This paper is the third in a sequence defining Evaluated Product Maturity (EPM). EPM is designed to assist in assessing the risk of breaking or diminishing the functionality of a system-of-systems functional thread by modifying, changing, or replacing one or more systems that make up that thread. The sequence of paper provides the basis for computing EPM using BTI’s automated systems and software data science capabilities.
This first document defined the purpose, background, and general approach for computing the EPM score.
The second installment defined the factors that the data collected from a wide array of systems has indicated is critical in evaluating the risk for changes to a system to break or diminish the functionality of that system.
The third installment, which you are currently reading, discusses automatically capturing data to be processed by the EPM tool and how calculations are done.
The next (also the last) installment provides an example use case for EPM.
For Sections 1 through 4, see
Of the sixteen Fundamental Metrics identified, only 12 are used in the calculation of the product’s EPM. They are listed below. Eight of the metrics are reported on a per release basis. The others are reported as most recent captured.

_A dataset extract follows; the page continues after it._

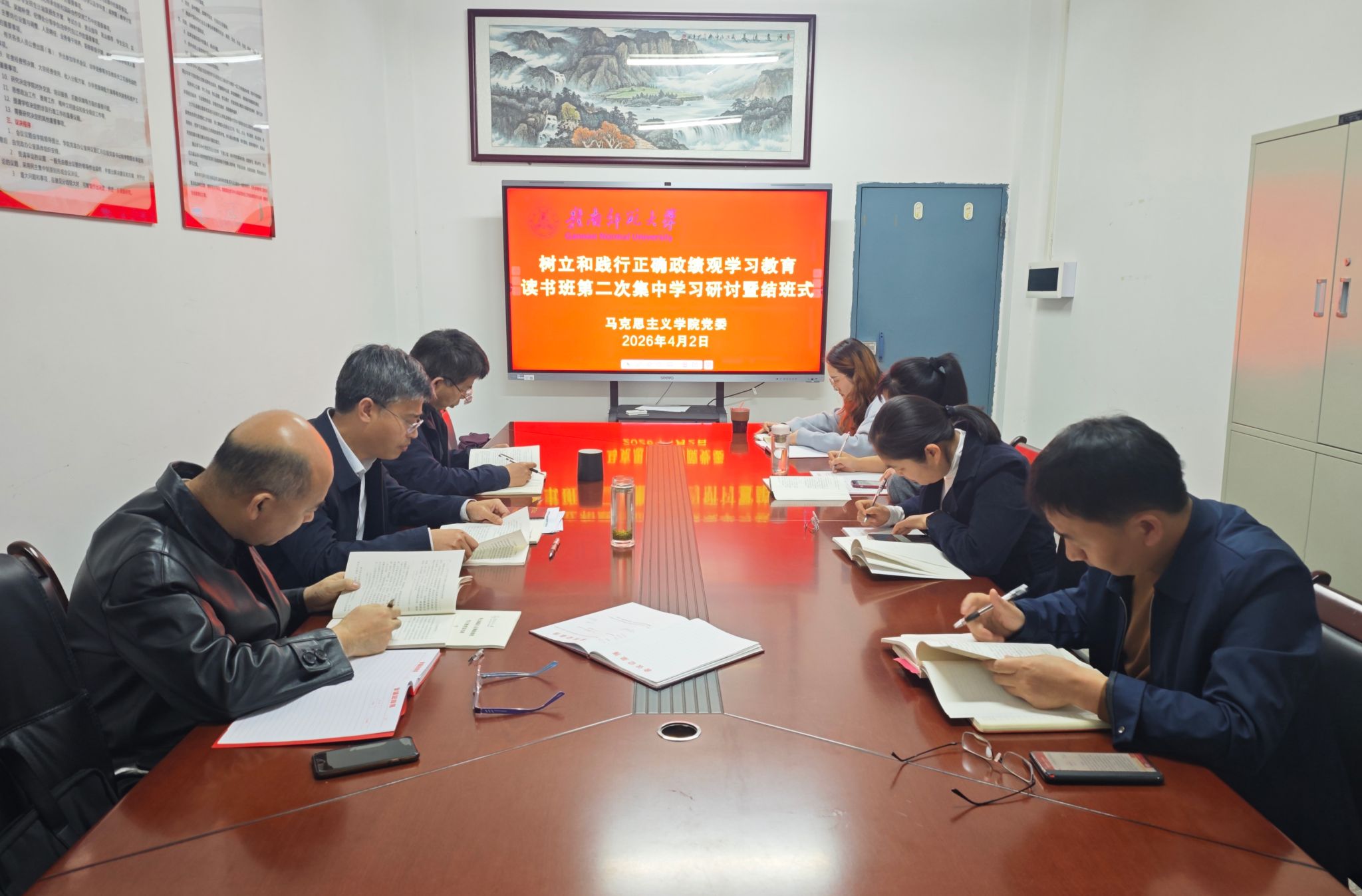 此次读书班聚焦“政绩为谁而树、树什么样的政绩、靠什么树政绩”这一根本问题,采取专家辅导、集中研讨、个人自学、视频学习相结合的方式,内容充实、节奏紧凑、学风扎实。结班式强调,全体党员干部要深化思想认识,深刻把握正确政绩观的核心要义;要立足马院使命,把正确政绩观转化为办学治院实效;要巩固拓展学习成果,以正确政绩观推动学院高质量发展,为学校以工程范式建设高水平师范大学贡献马院力量!

Most of these metrics are available directly through the use of existing tools. In those cases, no detailed formula (or discussion) is needed. For the others, the tools may provide the base measures that are used to create the composite metric, or additional processing may be needed to get the actual metrics. For example, DF, and hence MDF, is not a metric that is generally reported. But the base measure used to calculate DF is (Time of Release). A simple calculation giving the difference between the last two releases provides a value for DF. In the following sections detailed formulas for calculating the metrics from base measures are provided. If no actual calculation is necessary, a detailed description is not provided.
Throughout the discussion of data capture and analysis a release is defined to be a released version of the software. This is the version where a project plans on releasing new features, or defect repairs, or both, to end users/customers.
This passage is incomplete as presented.